In the following sections, we’ll present only the variants of mutate(). The transmute() variants can be used similarly.

Transform all column values

  • Divide all columns value by 2.54:
my_data2 %>%
  mutate_all(funs(./2.54))
## Warning: `funs()` is deprecated as of dplyr 0.8.0.
## Please use a list of either functions or lambdas: 
## 
##   # Simple named list: 
##   list(mean = mean, median = median)
## 
##   # Auto named with `tibble::lst()`: 
##   tibble::lst(mean, median)
## 
##   # Using lambdas
##   list(~ mean(., trim = .2), ~ median(., na.rm = TRUE))
## This warning is displayed once every 8 hours.
## Call `lifecycle::last_warnings()` to see where this warning was generated.

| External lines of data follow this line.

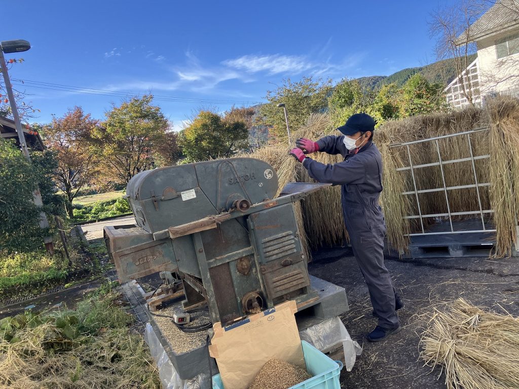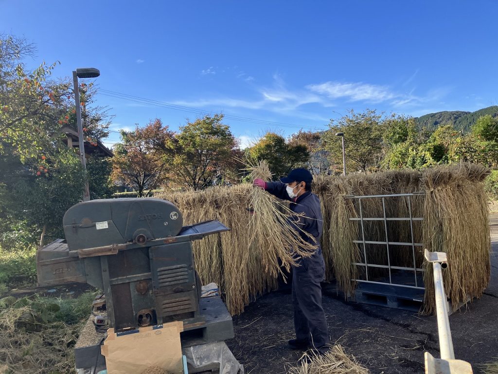 今年は10月中旬に稲刈りを終え、先日は秋晴れの中で脱穀を行いました。
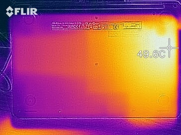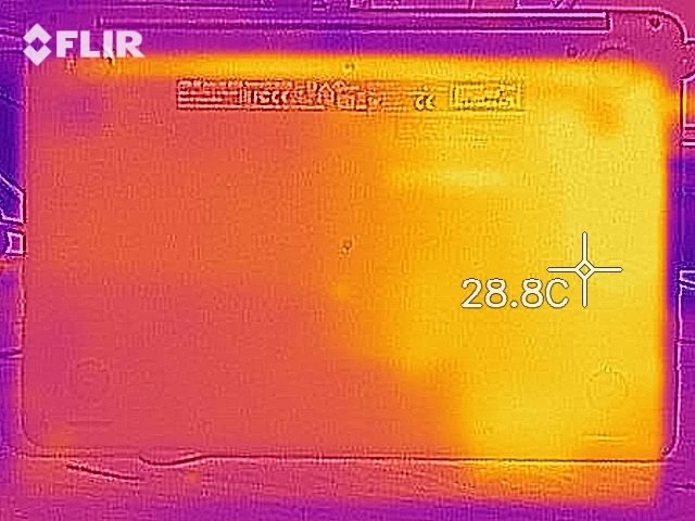 En nuestra prueba, las superficies de la Asus E203MA alcanzan temperaturas de unos 24 °C (75,2 °F) en reposo y un máximo de 42 °C (107,6 °F) bajo carga. El pequeño portátil se siente simplemente caliente y se puede utilizar fácilmente en el regazo / muslos.
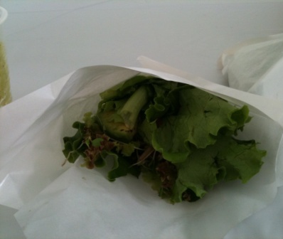 そして今日の私のランチは、シャリマ・ドゥ・ラ・テフテフのロー・バーガーとスムージー、そして帰りにマナのローフード・デリも購入して大満足。
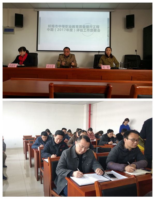 蚌埠市中等职业教育质量提升工程2017年度中期评估工作部署会于3月22日上午在蚌埠工艺美术学校会议室举行。我校宋晓宾副校长及质量提升工程各项目负责人参会。会议由市教育局职成科西宗雷科长主持。
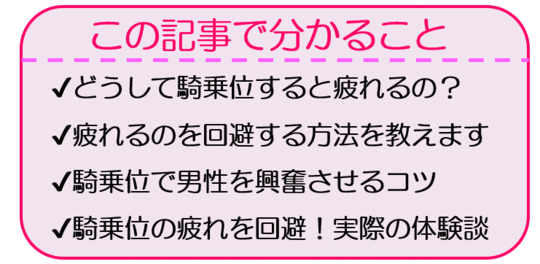 この記事を見てくださっているみなさんは、きっと騎乗位すると疲れて困っていると思います。

Note that, the dot “.” represents any variables

  • Function names will be appended to column names if .funs has names or multiple inputs:
my_data2 %>%mutate_all(funs(cm = ./2.54))

Note that, the output variable name now includes the function name.

  • Function names will be appended to column names if .funs has names or multiple inputs:
my_data2 %>%
  mutate_all(funs(cm = ./2.54))

Note that, the output variable name now includes the function name.

Transform specific columns

  • mutate_at(): transform specific columns selected by names:
my_data2 %>%
  mutate_at(
    c("Sepal.Length", "Petal.Width"),
    funs(cm = ./2.54)
    )
  • mutate_if(): transform specific columns selected by a predicate function.

    mutate_if() is particularly useful for transforming variables from one type to another.

my_data %>% mutate_if(is.factor, as.character)

Round all numeric variables:

my_data %>% mutate_if(is.numeric, round, digits = 0)

Summary

This article describe how to add new variable columns into a data frame using the dplyr functions: mutate(), transmute() and variants.

  • mutate(iris, sepal = 2*Sepal.Length): Computes and appends new variable(s).
  • transmute(iris, sepal = 2*Sepal.Length): Makes new variable(s) and drops existing ones.